§ YOUR OBJECTIVE
Only the lines from the one containing "Wm390 11/16-In D" through the last line below belong in your copy; transcribe them exactly and omit any pictures.

§ THE RECORDS
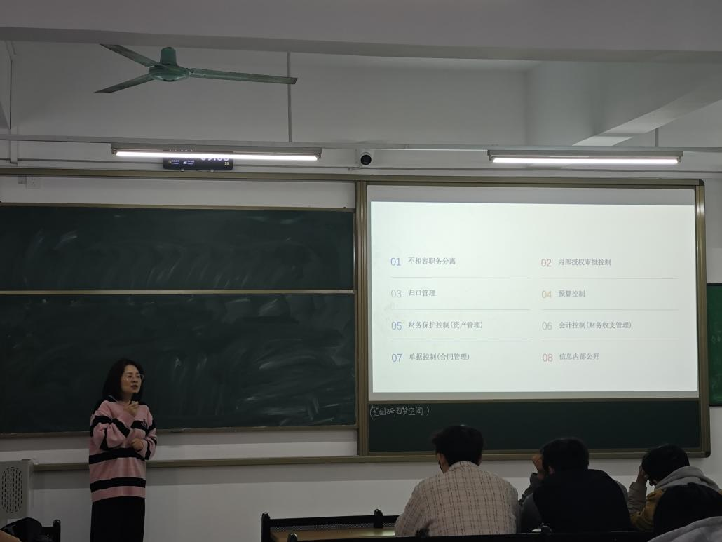 在核心内容讲解环节,祝萍老师围绕“公益性原则下的内控定义”展开,明确其“保障资产安全、规范经济活动、提升服务效能”的目标,并详细拆解了不相容职务分离、预算控制、会计控制等8项内控关键措施,通过实务场景举例,让同学们清晰把握公立医院经济管理的实操逻辑。
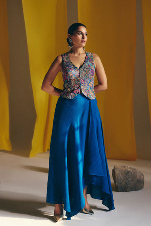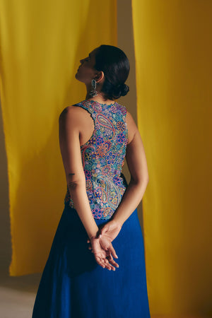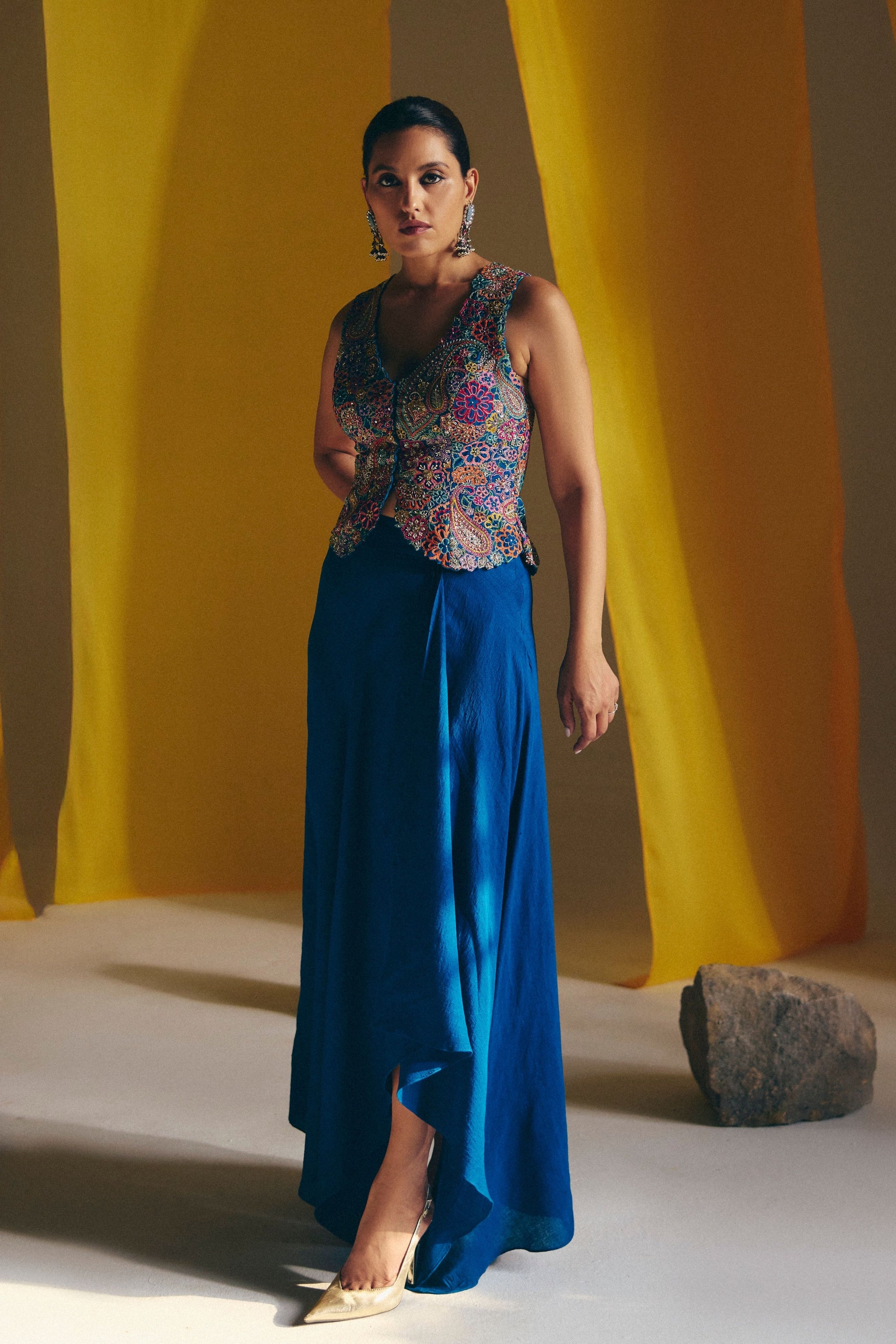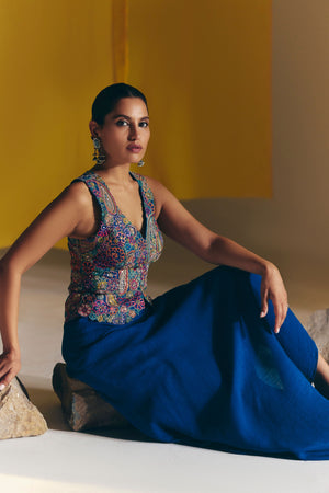 • A vivid blue hand-embroidered racerback waistcoat with multi-color resham and zardozi embroidery. Paired with a matka silk draped skirt.
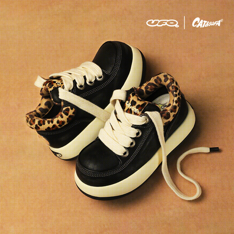 【UFO系列】猫与沙发/黑豹纹大头鞋Q版丑萌鞋厚底增高低帮鞋子
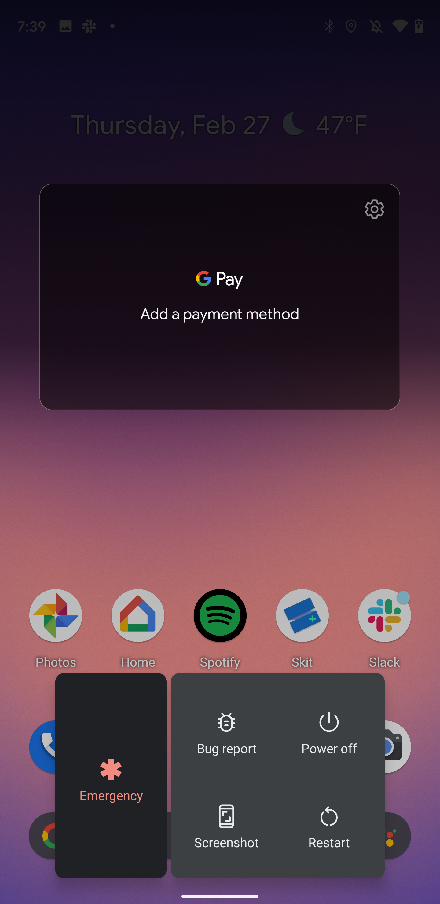 As a result of the top of the screen now being occupied, Google has moved Emergency, Screenshot, Restart, and Power off to the bottom of the screen. The tray adapts if you have Lockdown and Bug Report shortcuts. Those that find this new placement harder to reach can disable it by searching for “Cards & Passes” in settings.
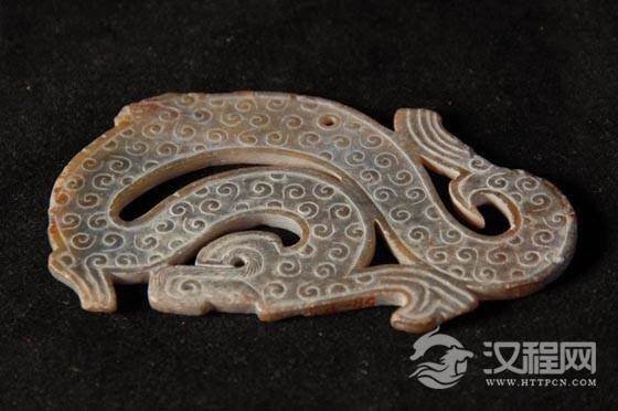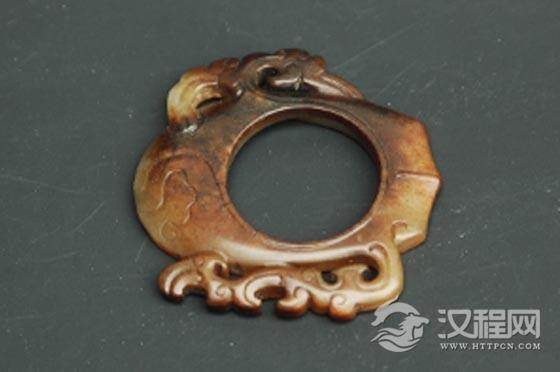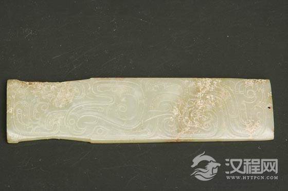 汉青玉通雕螭纹佩玉质坚致,呈牙黄色,一边有土红色斑。佩上尖下圆,中有圆孔,表面镂刻细线卷云纹,背平无纹,两侧透雕首尾相抵的螭,雕工纯熟,纹饰简约。
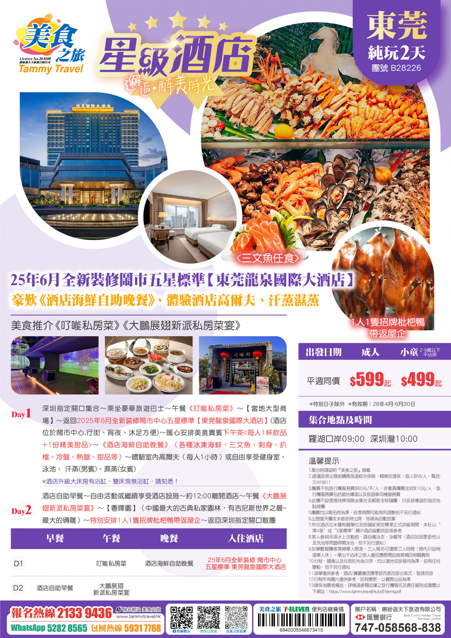 25年6月全新裝修鬧市五星標準【東莞龍泉國際大酒店】歎酒店海鮮自助晚餐、體驗酒店室內高爾夫+汗蒸濕蒸、美食推介《了能私房菜》《大鵬展翅新派私房菜宴》純玩2天
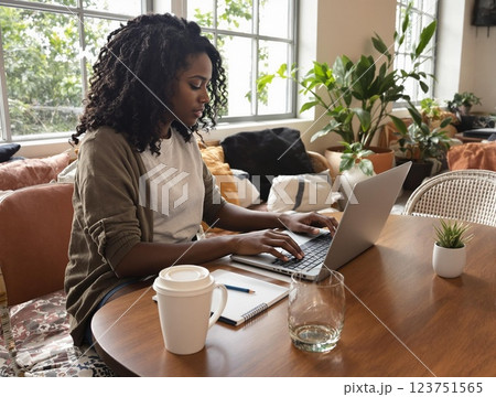 A woman is currently working intensely on her...のイラスト素材 [123751565] - PIXTA
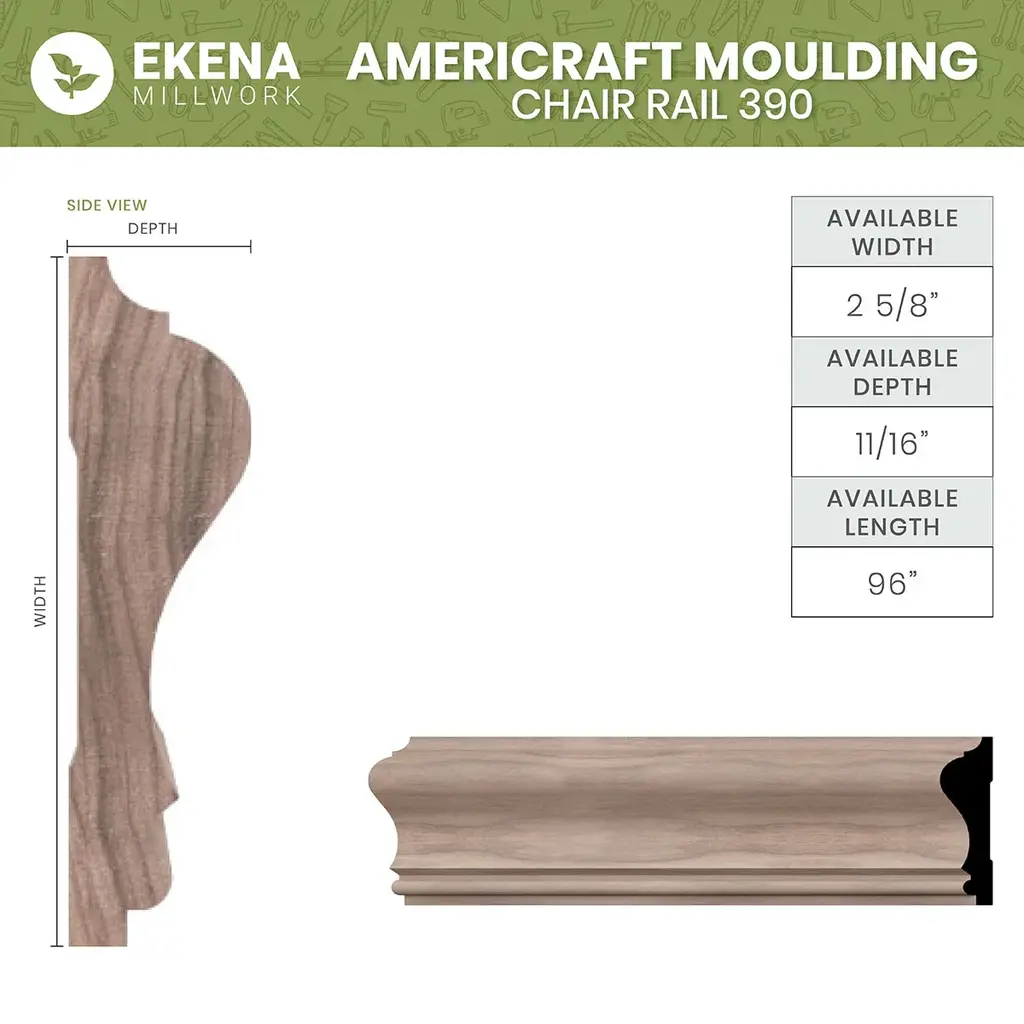 Wm390 11/16-In D X 2-5/8-In W X 96-In L Americraft Solid Hardwood Stain Grade Chair Rail Moulding - Walnut
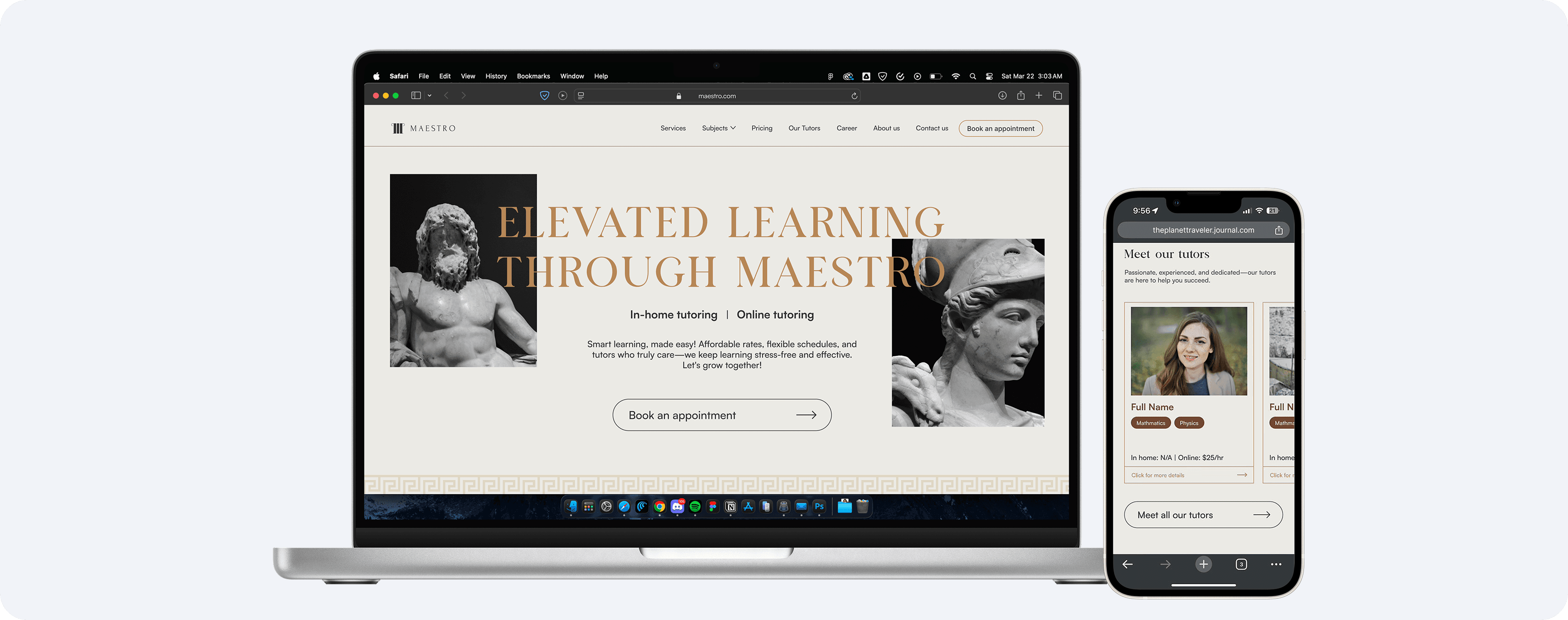 After finalizing the core features, the founders pitched an ambitious idea: an Ancient Greek inspired design that would make Maestro feel like a modern-day academy. My challenge was to translate that theme into a clean, approachable interface where the visuals reinforced Maestro’s dedication and built trust with parents and students.

§ WRITTEN ANSWER
 Wm390 11/16-In D X 2-5/8-In W X 96-In L Americraft Solid Hardwood Stain Grade Chair Rail Moulding - Walnut
 After finalizing the core features, the founders pitched an ambitious idea: an Ancient Greek inspired design that would make Maestro feel like a modern-day academy. My challenge was to translate that theme into a clean, approachable interface where the visuals reinforced Maestro’s dedication and built trust with parents and students.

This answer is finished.